For one, it ensures that we have exactly the build time options and, (in the case of apache) the modules we need. Often we require slightly different choices than the defaults.

Keeping everything separate insulates us from vendor changes - we're completely unaffected by a vendor applying a harmful patch, or from "upgrading" to a newer version of the components.

A corollary to this is that we can patch and update the OS on our servers with much more freedom, as we don't have to worry about the effect on our application stack at all. It goes the other way - we can update the components in our stack without having to touch the OS.

It also means that we can move applications between systems with different patch levels, able to go to both newer and older systems easily - and indeed, between different operating systems and chip architectures.

As we use Solaris zones extensively, this also allows us to have different zones with the components at different revision levels.

With all this, we simply don't need a vendor to supply the various components of the stack. If the OS needs them for something else then fine, we just don't want to get involved. In some cases (databases are the prime example) we go to some effort to make sure they don't get installed at all, because some poor user using the wrong version is likely to get hurt.

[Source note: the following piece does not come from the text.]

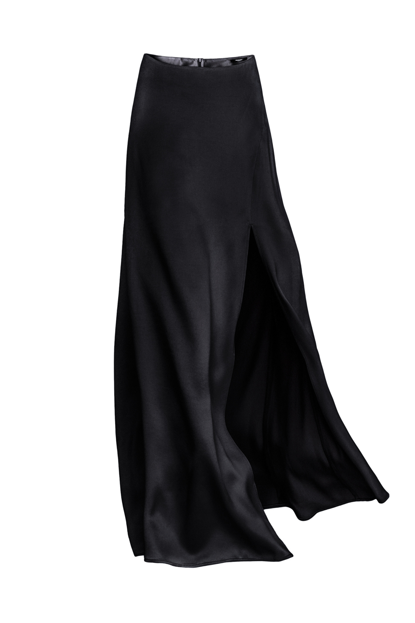 100% viscose satin skirt with a slit and zip fastening.

All this makes me wonder why operating system vendors bother with maintaining central copies of software that are no use to us. Indeed, many application stacks on unix systems come with their own private copies of the components they need, for exactly the reasons I outlined above. (I've lost count of the number of times something from Sun installed it's own private copy of Java.)

(While the above considers one particular aspect of servers, it's equally true of desktops. Perhaps even more so, as many operating system releases are primarily defined by how incompatible their user interface is to previous releases.)